The analysis of two compounds obtained with the first embodiment apparatus (FIG. 1A) design is shown in FIG. 3. The first compound is a quaternary immonium salt that is commonly used as a red dye. A very stable and long lasting signal was obtained when Rhodamine B was applied to a smooth or ground glass surface. After a 20 minute+analysis (an exceptionally long time was deliberately chosen), the sample slide was exchanged for a blank glass slide and no Rhodamine carry over was detected in the DESI mass spectrum. The second compound analyzed was a small peptide, bradykinin. Similar to the electrospray analysis, a doubly charged molecular ion was observed for the peptide bradykinin by GI-DESI.
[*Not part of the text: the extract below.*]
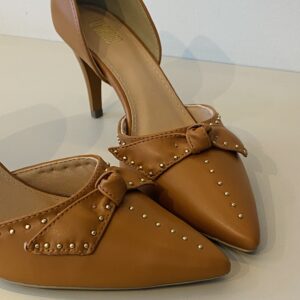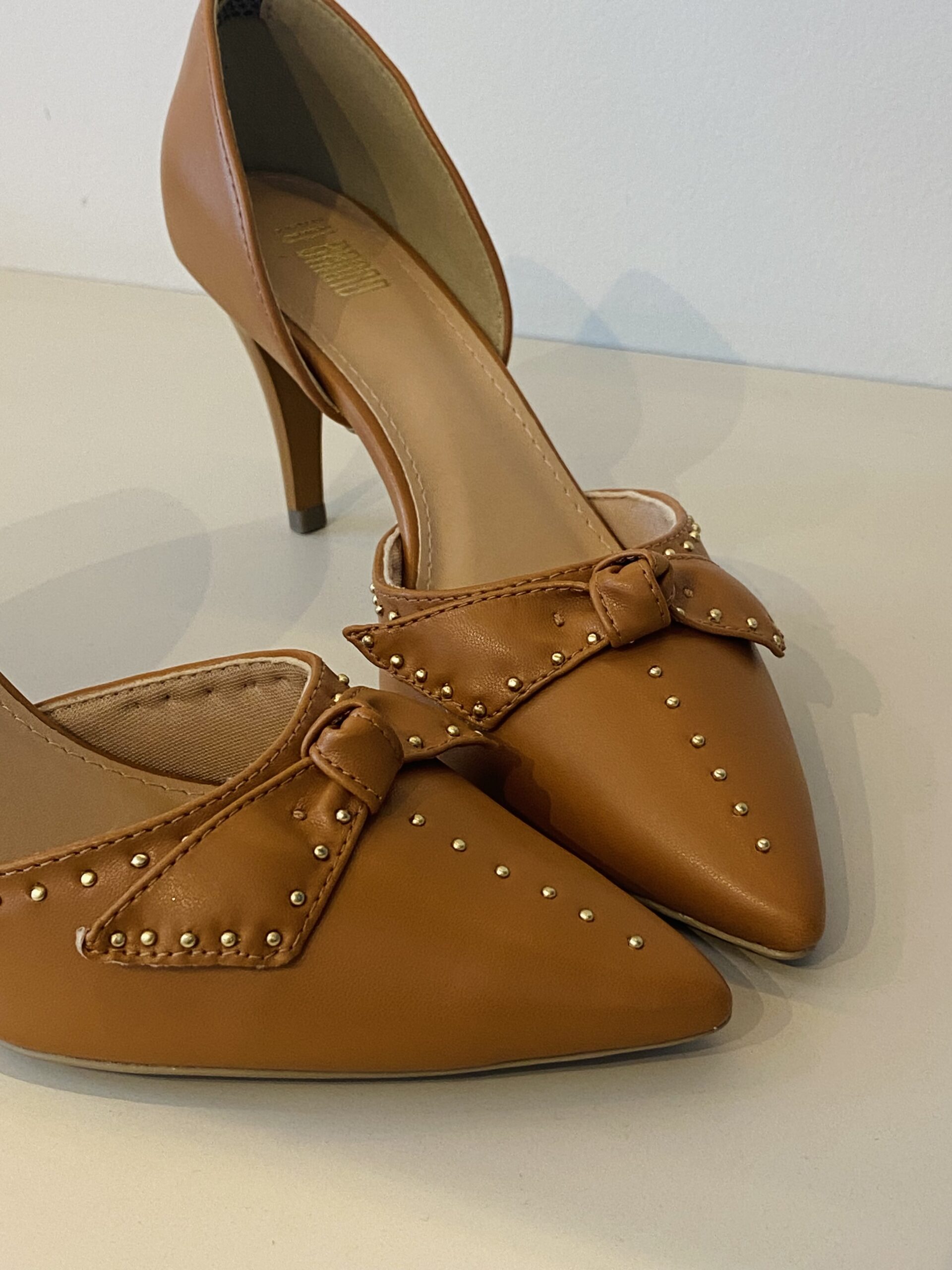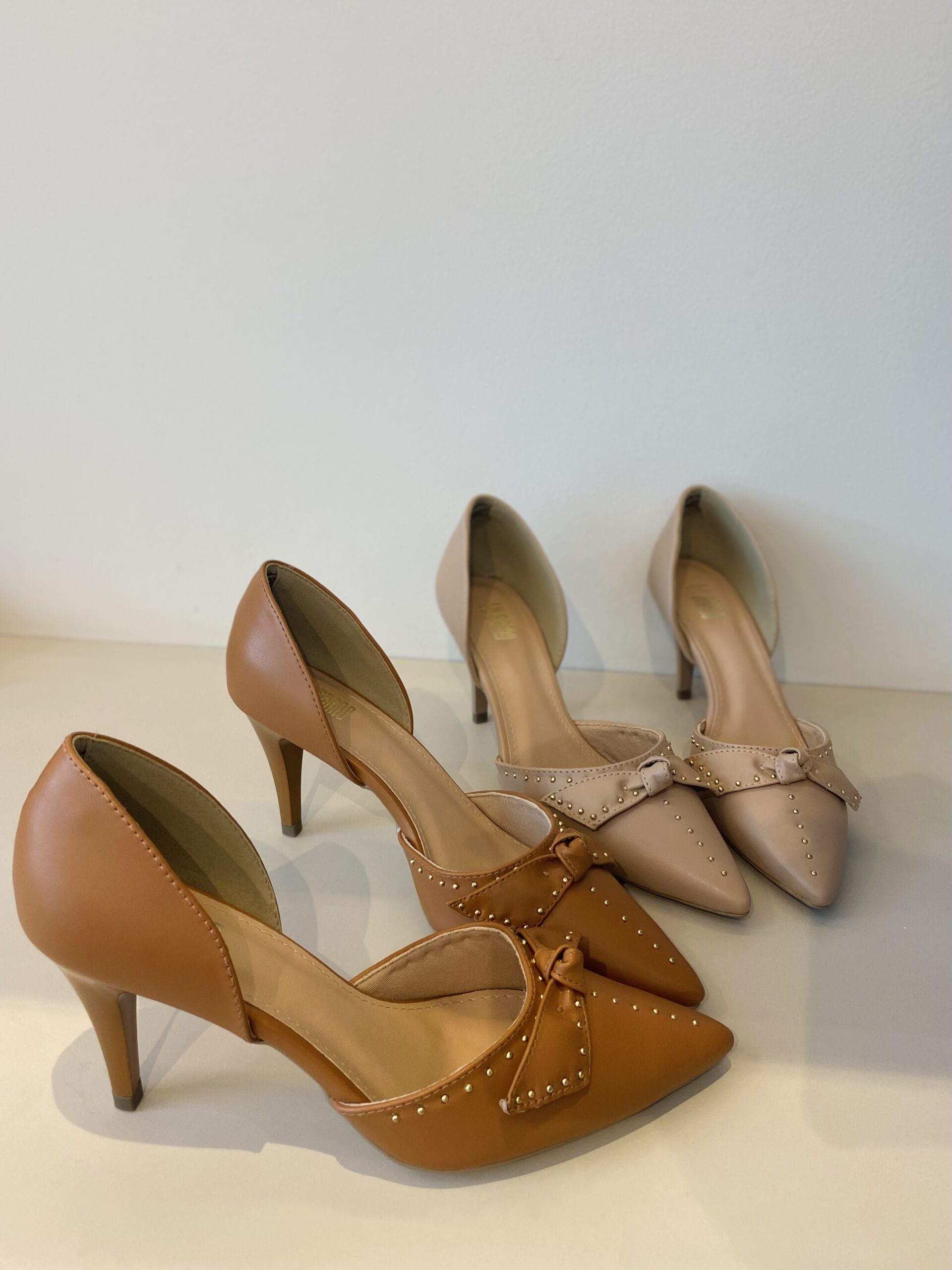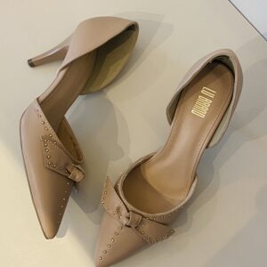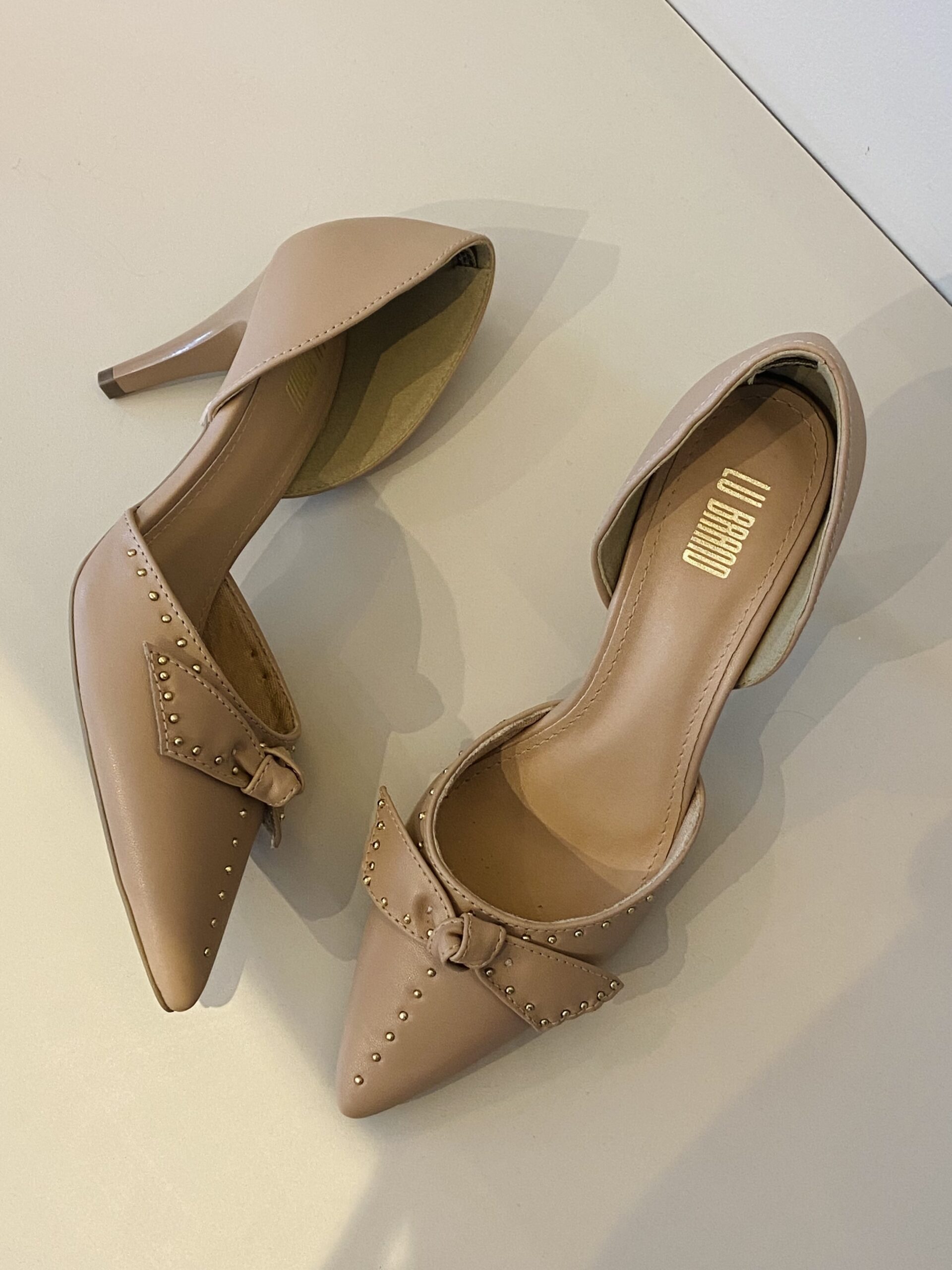 Esse scarpin tem um design elegante e sofisticado, com um bico fino que adiciona um toque refinado ao visual. Ele apresenta um modelo aberto na lateral (d’orsay), o que proporciona um ar moderno e delicado. O detalhe de um pequeno laço com aplicação de tachas metálicas na ponta dá um charme extra e um toque de sofisticação ao calçado. O salto fino e médio contribui para um visual alongado e elegante, sem comprometer muito o conforto.

FIGS. 1B through 1F show other configurations with improvements and additions to the spray chamber. As shown in the figures the enclosure allows the sprayer and mass spectrometer inlet capillary to be parallel (FIG. 1C), a feature that is useful for easy implementation of a wand for distance sampling (i.e. separation between the mass spectrometer and the sampling sprayer). The use of multiple sprayers (FIG. 1B) and a multi-spray head (FIG. 1E) to increase surface coverage is also possible. With the addition of an annular electrode one can steer droplets and ions away from (or towards) the walls of the enclosure (FIG. 1D). And the ability to manipulate the pressure inside the enclosure for example, as shown in FIG. 1F, to connect the enclosure to the rough pump of the vacuum system so as to reduce the pumping load on the turbo pump. This allows for a smaller turbo pump to be used and will be useful for the design of a miniature mass spectrometer combined with desorption electrospray ionization. This design also improves the biosafety of DESI by creating a closed system from which bioaerosols can be readily removed.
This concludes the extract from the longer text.